Pro Kalimantan Balikpapan Samarinda Kaltim Bola Daerah Kriminal Nasional Lifestyle Bisnis Sport

Menunggu hingga 8 Jam

uki-Berau Post • Rabu, 22 September 2021 - 03:15 WIB
SEMPAT TERTUNDA: Pelaksanaan SKD pada sesi pertama di Laboratorium CAT Jalan Durian, Tanjung Selor sempat terhambat karena gangguan jaringan.
SEMPAT TERTUNDA: Pelaksanaan SKD pada sesi pertama di Laboratorium CAT Jalan Durian, Tanjung Selor sempat terhambat karena gangguan jaringan.
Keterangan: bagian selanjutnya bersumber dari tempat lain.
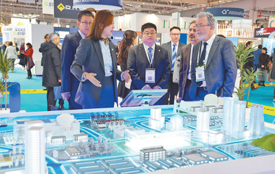 2023年11月在法國(guó)巴黎舉辦的第五屆世界核能工業(yè)博覽會(huì)上,中國(guó)核工業(yè)集團(tuán)工作人員在向法國(guó)原子能委員會(huì)負(fù)責(zé)人介紹展出內(nèi)容。
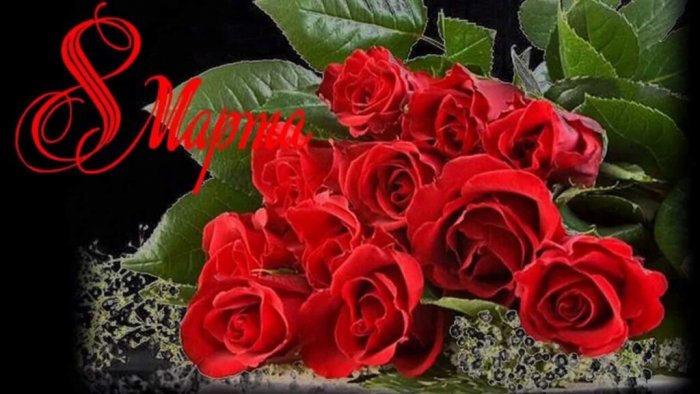 Пусть весна вас Поздравляйте ваших любимых , Прикольная картинка с любимую женщину с рядоммарта:, букетом алых розпомогут вам поздравить
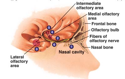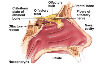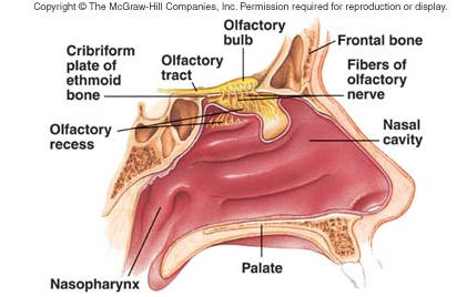 B)cribiform plate, olfactory bulb

TANJUNG SELOR – Gangguan jaringan yang terjadi selama 8 jam mempengaruhi pelaksanaan Seleksi Kompetensi Dasar (SKD) Calon Pegawai Negeri Sipil (CPNS) di lingkup Pemprov Kaltara. Kemarin (20/9), peserta yang masuk pada sesi pertama harus menunggu hingga 8 jam. 

Seyogianya, pada sesi pertama terlaksana pada pukul 07.30 Wita. Namun, nyatanya setelah jaringan berangsur normal, sesi pertama baru terlaksana pukul 16.00 Wita. Diakui Kepala Badan Kepegawaian Daerah (BKD) Kaltara Burhanuddin, untuk sesi pertama SKD seharusnya dimulai 07.30 Wita. Akan tetapi, harus diundur hingga gangguan jaringan berangsur normal. 

“Iya terjadi gangguan jaringan. Sebenarnya dari Minggu sore (19/9), namun sampai sekarang masih gangguan. Akibatnya SKD untuk sesi pertama belum bisa kita mulai,” terang Burhanuddin, kemarin.

Saat terjadi gangguan jaringan, BKD terus berkoordinasi dengan pihak terkait. Seperti Telkom dan Badan Kepegawaian Negara (BKN), untuk memastikan tahapan SKD berjalan. Bahkan, lanjut Burhan—biasa disapa, seluruh sesi tetap dilaksanakan. Meski nantinya pelaksanaan SKD harus memakan waktu lama.

“Kita tetap laksanakan meski sampai malam hari. Apalagi, sebelumnya juga sempat mengalami gangguan, baik jaringan maupun server di BKN,” ungkapnya. 

Koordinator Tim Seleksi  BKN Sukma Suryaningsi menambahkan, gangguan terjadi karena jaringan Telkom putus sehingga tidak dapat mengakses server BKN. 

“Jaringan sempat normal. Kami juga sempat melakukan pemeriksaan jaringan. Namun pagi tadi (kemarin, Red) jaringan kembali gangguan,” jelasnya. 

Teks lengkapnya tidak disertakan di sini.